Оставшийся вечер прошел в доброй атмосфере. Голубиный бульон, разлитый по большим бокалам, привнес оживление и хорошее настроение. Дети разыгрались в ожидании картошки с кусочком мяса. Мария также была в приподнятом настроении.
– Я завтра с Брониславом Петровичем схожу в одно место, и, надеюсь, у меня на работе опять все наладится с дополнительным питанием, – поделилась она своими мыслями с Ларисой, когда женщины скрупулезно делили голубиную тушку, раскладывая ее ровно на шесть крохотных порций.
– Алексей после Рождества выйдет из госпиталя, и у нас все будет хорошо, – добавила свои соображения по поводу улучшения жизни их семьи Лариса.
Голубь был съеден без остатка. Детям досталось побольше мяса, а женщины довольствовались одними лапками, на которых и мяса, как такового, не было. Засыпать было хорошо, словно внутри каждого заработала собственная печка, выделяя больше тепла для обогрева тела. Однако ночью все стали просыпаться от неимоверного холода. Да еще Катя раскашлялась.
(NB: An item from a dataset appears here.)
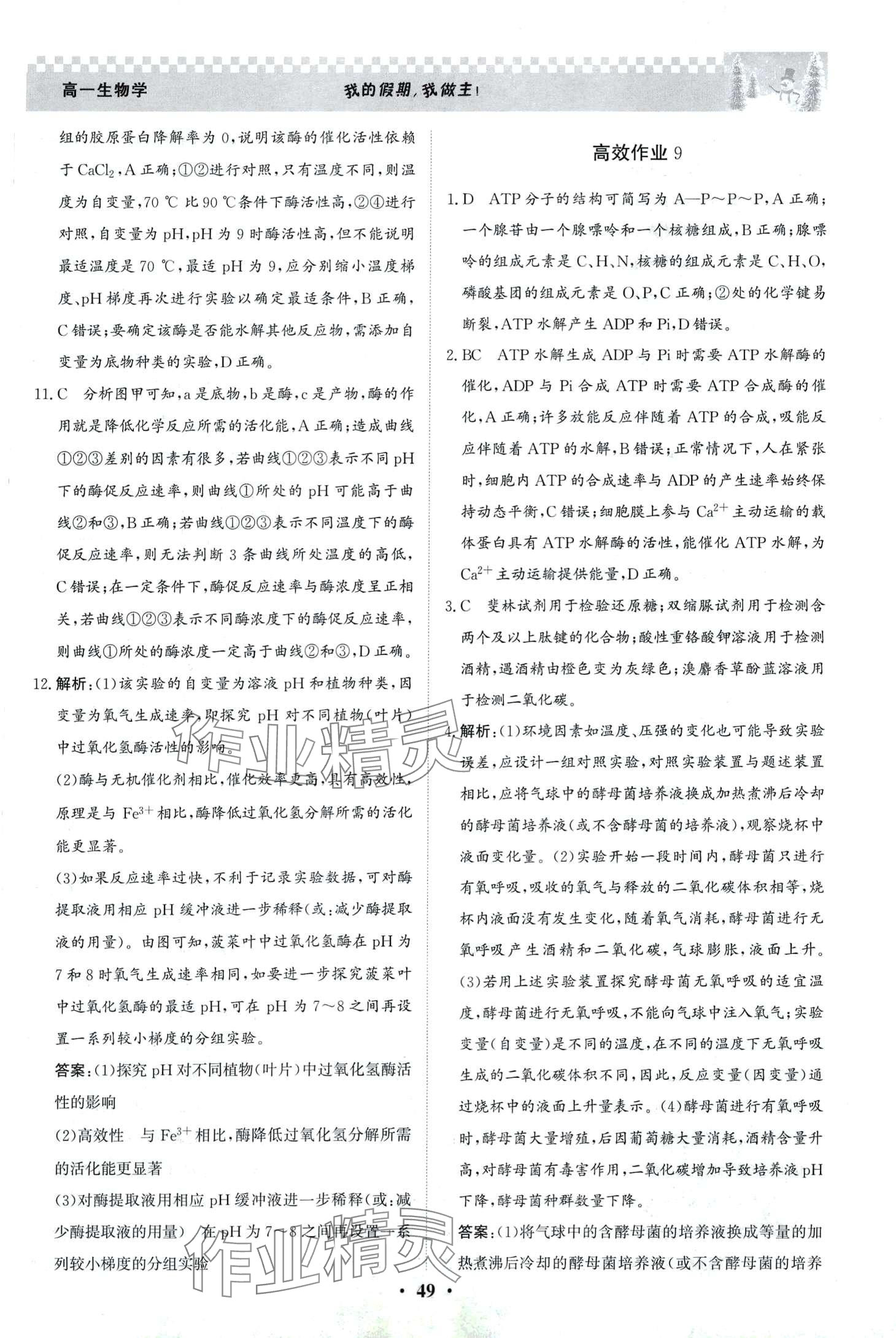 注:目前有些书本章节名称可能整理的还不是很完善,但都是按照顺序排列的,请同学们按照顺序仔细查找。练习册 2024年优化探究高效作业高一生物 答案主要是用来给同学们做完题方便对答案用的,请勿直接抄袭。

– Минус двадцать пять градусов! – раздался голос Вячеслава, который первым добрался до окна и взглянул на термометр.
– Надо идти искать дрова, иначе к утру околеем, – подала голос Мария, не на шутку встревоженная состоянием дочки.
Насте долго не удавалось разжечь примус, так как окоченевшие руки отказывались слушаться, переводя одну за другой драгоценные спички. Хлебнув кипятку, Настя, Вячеслав и Лариса вышли во двор, оставив младших на Марию. От сильного мороза перехватывало дыхание. Темень была полная. Туалетная кабина (в квартирах туалеты были заколочены), которую трижды ломали на дрова жители дома, теперь блестела металлическим корпусом.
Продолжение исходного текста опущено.